Beauty standards are a battleground for racial equality

Those unaffected by racism might like to tell themselves that it is swiftly becoming a thing of the past, but they would of course be wrong. It’s often much easier to give ourselves a pat on the back for all the progress we’ve made: the ‘separate but equal’ mentality of post-civil war America seems over, in a world where discriminatory practices are illegal.

However, racism prevails in our society in much subtler ways that have a huge impact on western ideas of beauty. Beauty standards are a much contested issue, especially in the fashion industry, and we need look no further than to many major fashion brands to see the lack of non-white faces in our media. This is as least in part due to what actress Lupita Nyong’o has described as the pervasiveness of a ‘Eurocentric’ ideal of beauty.

Eurocentrism is part of a dangerous mindset that asserts there is an objective standard of beauty – whether that standard is a beach body, a contoured face or white skin – rather than seeing it as a subjective, diverse and highly varied collection of aesthetics.

Nyong’o spoke up recently after a photographer edited out her natural hair and lightened her skin in a photoshoot for Grazia.

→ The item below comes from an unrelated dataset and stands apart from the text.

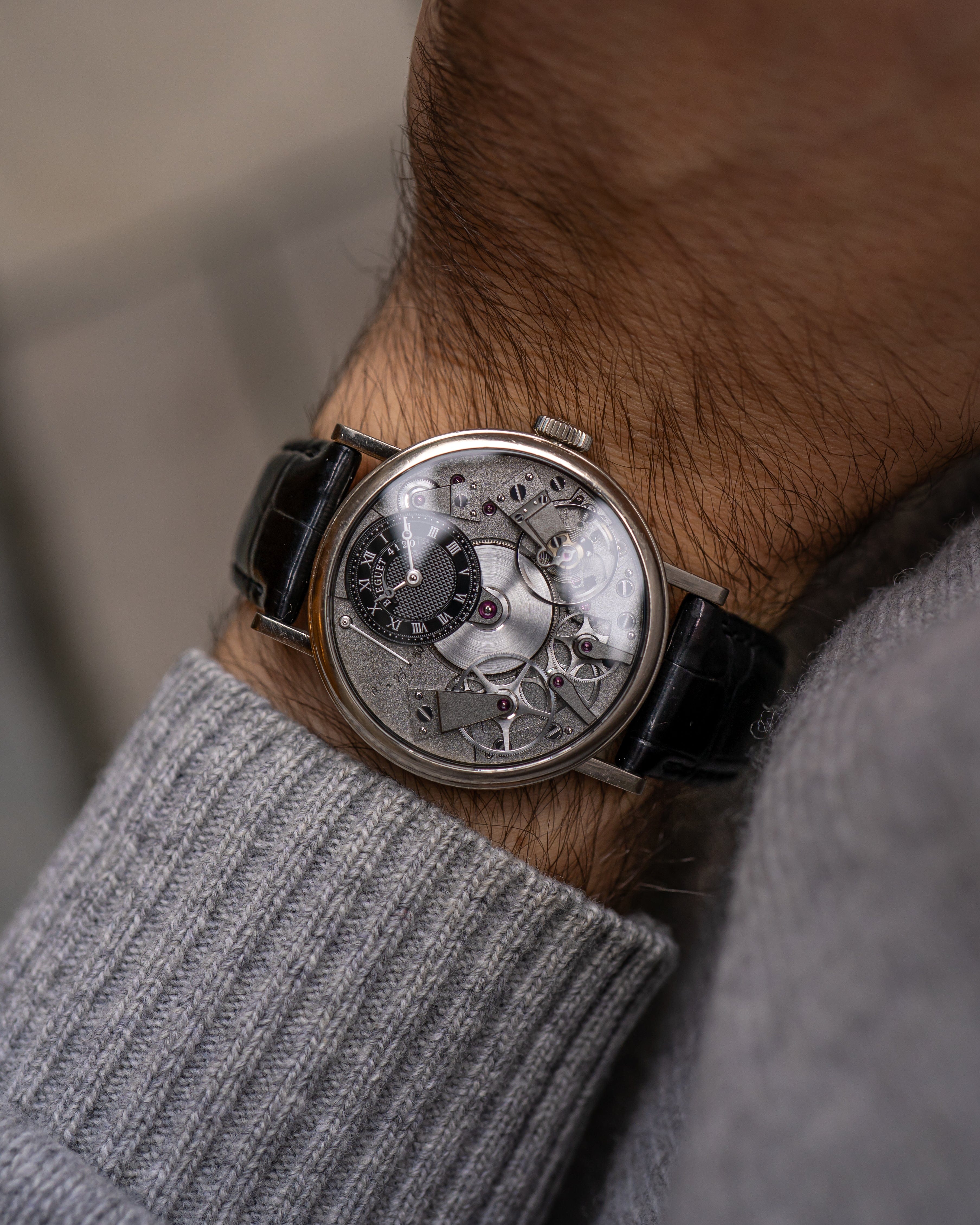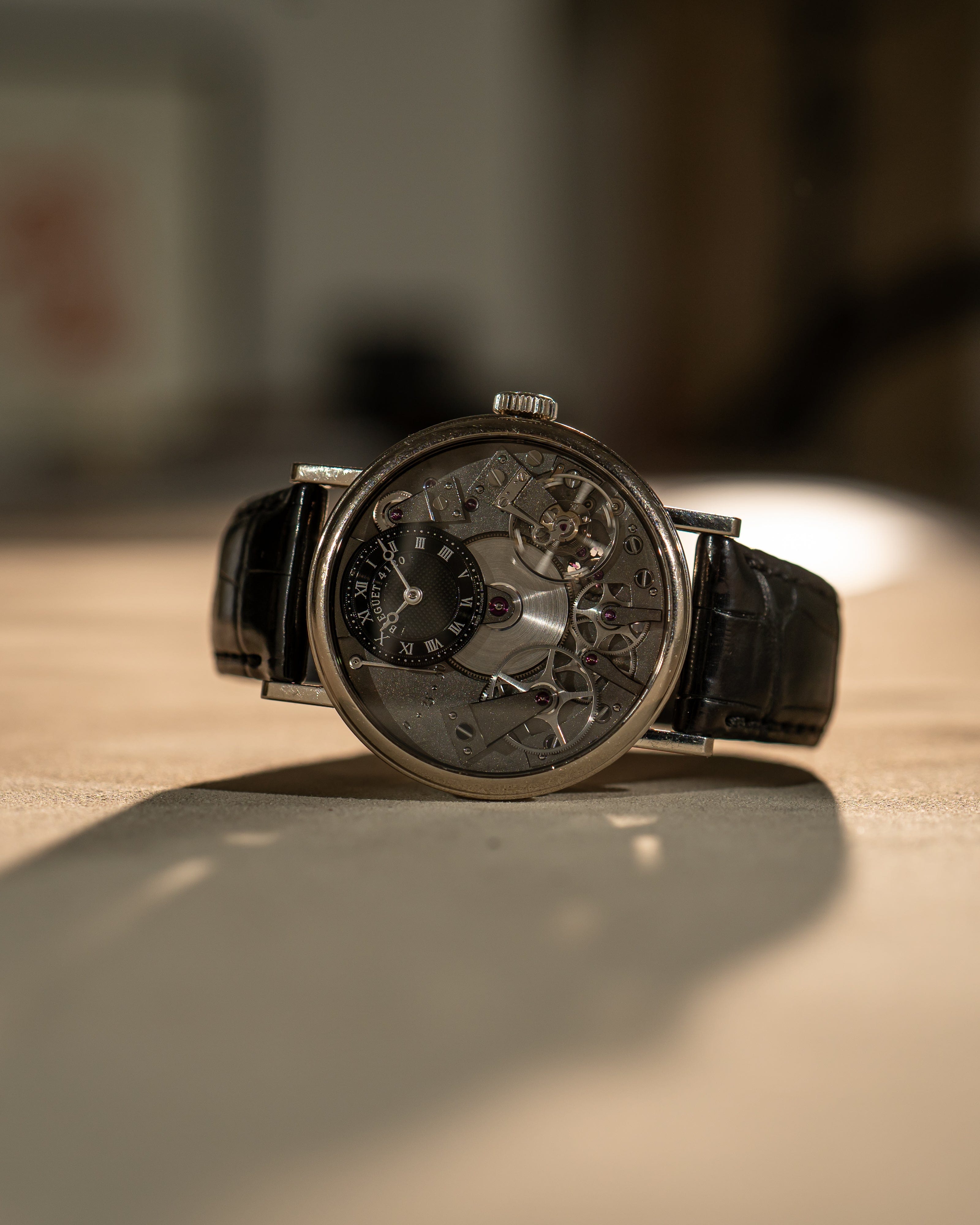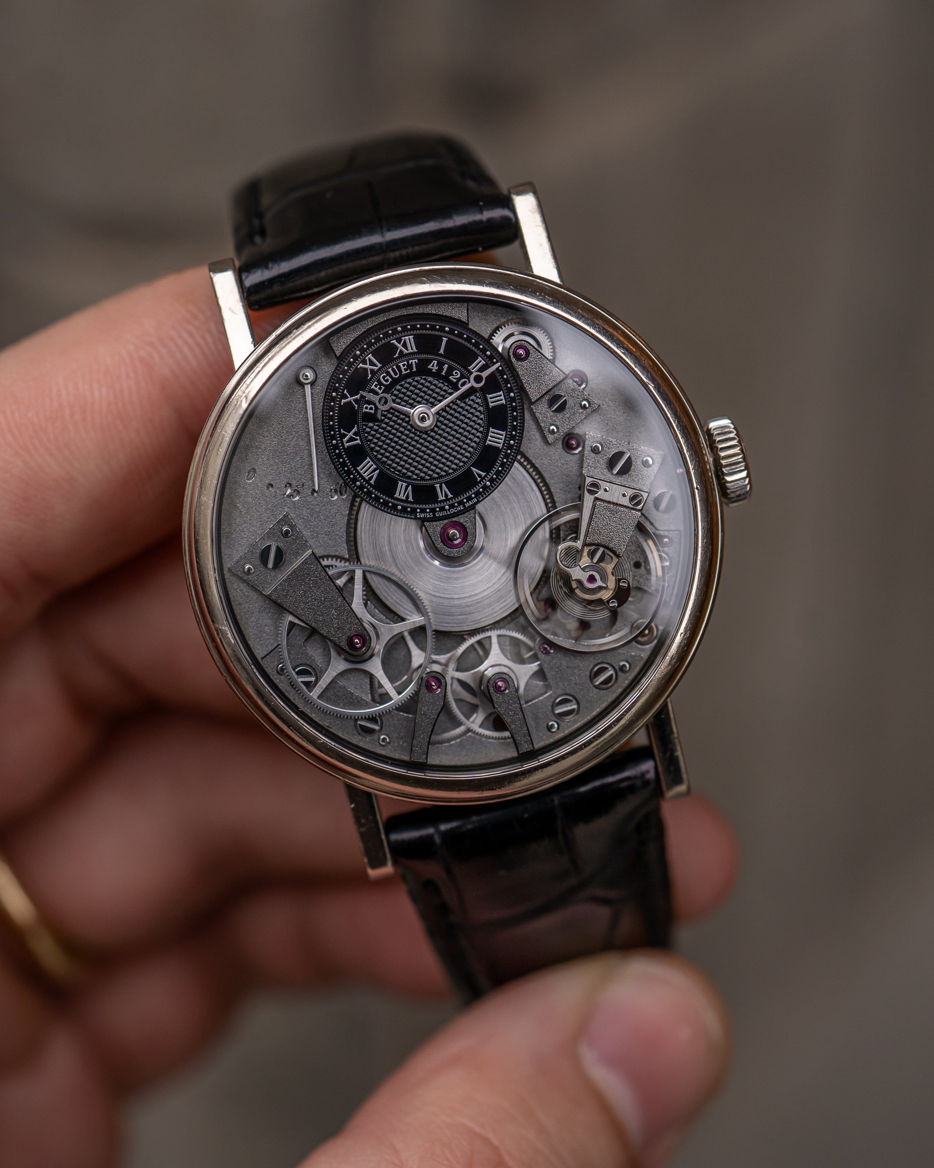 • Movement: Breguet Caliber 507DR, manual-winding, visible gear train and pare-chute shock protection
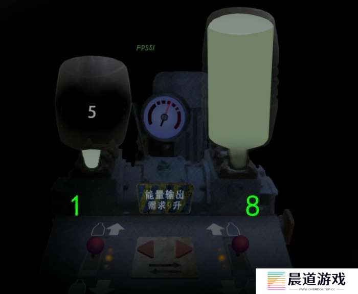 这个机关简单一说,下面的按键都能点,箭头向上是倒空,向下是装满,中间的左右箭头是向左右转移,我们需要的是9升,也就是8+1,所以我们只需要装个1升就可以了,那么顺序就是现将右边的装满,然后转移到左边,然后将左边的都倒掉,将3升转移到左边,再次把右边的装满,再次都转移到左边,这样左边有5升右边有6升,也就是把左边的倒空,然后将6转移到左边后就剩下1升了,再次倒空左边并且将宝贵的1升转移到左边,最后将8升装满即可完成。

The final image, featured on the cover of the magazine, presents an image of Nyong’o more fitting to the Eurocentric ideal than her actual Kenyan-Mexican heritage. It is unacceptable to so starkly edit any woman’s appearance in a photo without her consent, but in this case the photographer, consciously or not, removed a part of Nyong’o’s appearance that is characteristic of black people: the ‘kinky’ hair that has been the subject of many a slur during the struggle for racial equality.

Even more shocking is the fact that Nyong’o isn’t the first woman in the past few weeks to have to remind the media ‘don’t touch my hair’, as the struggle has come to be known. Musician and artist Solange also spoke out when her Orion braids – which have significant meaning to her personal story as well as national heritage – were edited out of the cover of The Evening Standard. This is clearly another case of how photos are frequently edited to fit a certain type of beauty that is subconsciously thought of as the universal ideal to non-minority consumers.

Not only does this editing de-legitimise the importance of marginalised black national heritage, but it also teaches readers that this standard of beauty is what we should aspire to, no matter the insult it presents.

This, in turn, influences how we use social media to represent ourselves, and to what extent we show off or hide those parts of ourselves that stray from what is deemed ‘beautiful’. A tragic reduction of diversity in the media is the result, with people being encouraged to suppress their heritage and natural beauty.

We’ve still got a long way to go when it comes to tackling the racism embedded in our society. Women like Nyong’o and Solange are challenging the beauty standards in our society by speaking out against these forms of racism. We can do the same by looking for it even as we scroll through those Black Friday deals or pick up a copy of a magazine, and calling it out wherever we see it.